Start of Records for this exercise

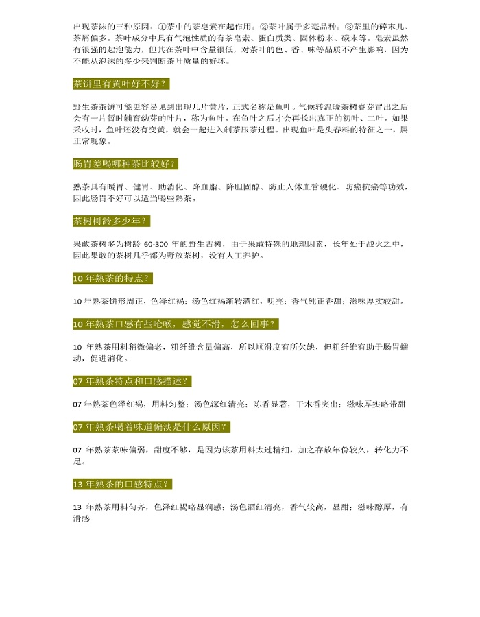茶葉常見(jiàn)問(wèn)題解答
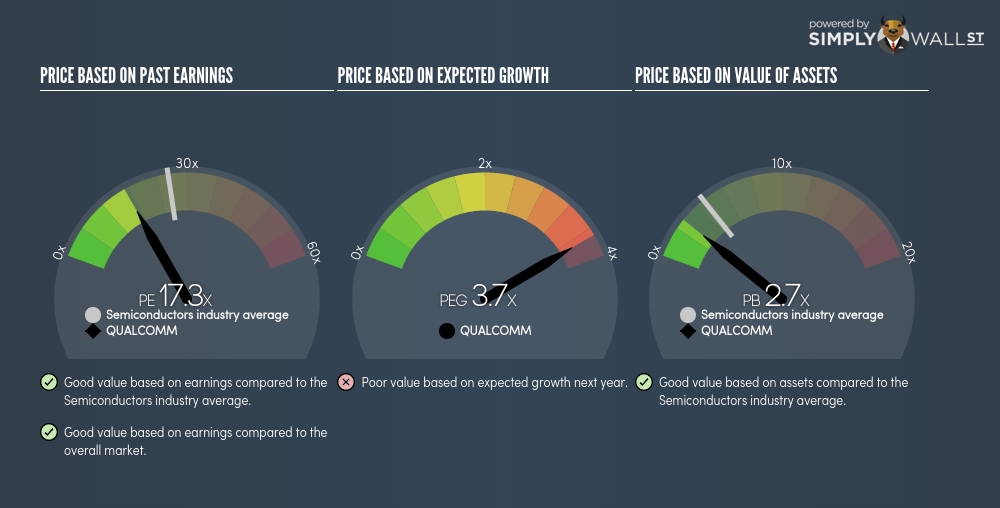 首先看下市盈率。高通当前的市盈率为17.4。YCharts显示高通近五年的平均市盈率为17.4。Gurufocus.com称高通10年期市盈率中位数为16.8。此外,当前行业的平均市盈率为23.7。对比这些数据可知,与5年期平均市盈率相比,高通当前的股价与公允价值相当,同10年期市盈率相比股价稍微偏高,与同行业市盈率相比属折价交易。
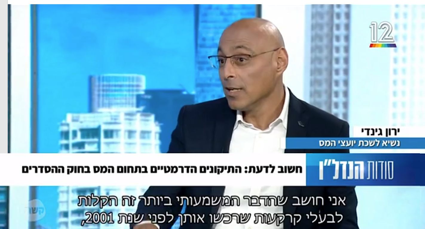 יועץ המס ירון גינדי, נשיא לשכת יועצי המס, בראיון לערוץ 12, בתוכנית "סודות הנדל״ן", על השינויים האחרונים וההטבות במיסוי מקרקעין, שחשוב שהציבור יידע: https://youtu.be/WrzI6mpvWRk
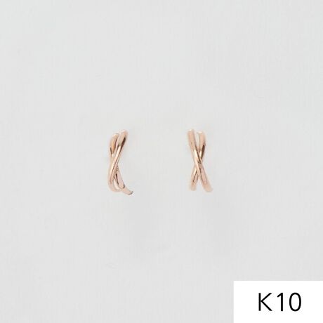 【クロスラインのメタルが煌めくK10ローズゴールド素材のピアス】
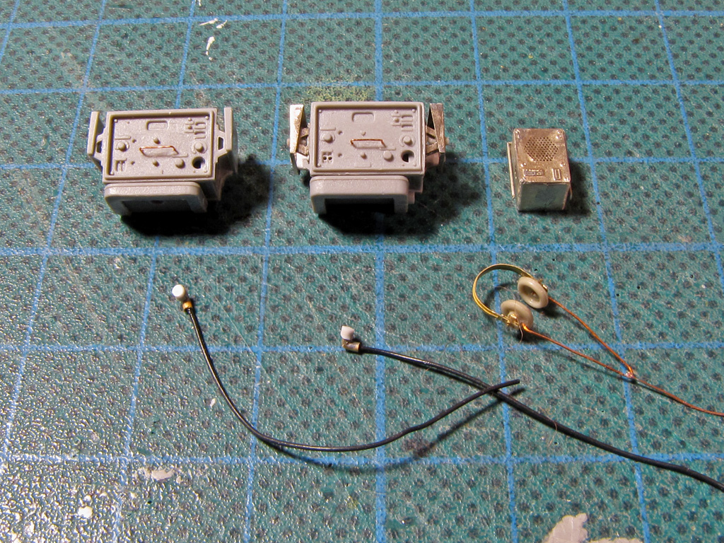 Dragon had pretty decent radio in its box. It even had more than one, so I got one for Tamiya as well. Both radios received some detailing and the one that goes to the Dragon had few additional details from Aber set. The speaker box is provided by Aber as well and the headphones are from K59 set which I found in my stash.

End of Records for this exercise

> **Exercise details**
Output the records above in their entirety and exactly, leaving out all images.

> **Answer to this task**
茶葉常見(jiàn)問(wèn)題解答
 首先看下市盈率。高通当前的市盈率为17.4。YCharts显示高通近五年的平均市盈率为17.4。Gurufocus.com称高通10年期市盈率中位数为16.8。此外,当前行业的平均市盈率为23.7。对比这些数据可知,与5年期平均市盈率相比,高通当前的股价与公允价值相当,同10年期市盈率相比股价稍微偏高,与同行业市盈率相比属折价交易。
 יועץ המס ירון גינדי, נשיא לשכת יועצי המס, בראיון לערוץ 12, בתוכנית "סודות הנדל״ן", על השינויים האחרונים וההטבות במיסוי מקרקעין, שחשוב שהציבור יידע: https://youtu.be/WrzI6mpvWRk
 【クロスラインのメタルが煌めくK10ローズゴールド素材のピアス】
 Dragon had pretty decent radio in its box. It even had more than one, so I got one for Tamiya as well. Both radios received some detailing and the one that goes to the Dragon had few additional details from Aber set. The speaker box is provided by Aber as well and the headphones are from K59 set which I found in my stash.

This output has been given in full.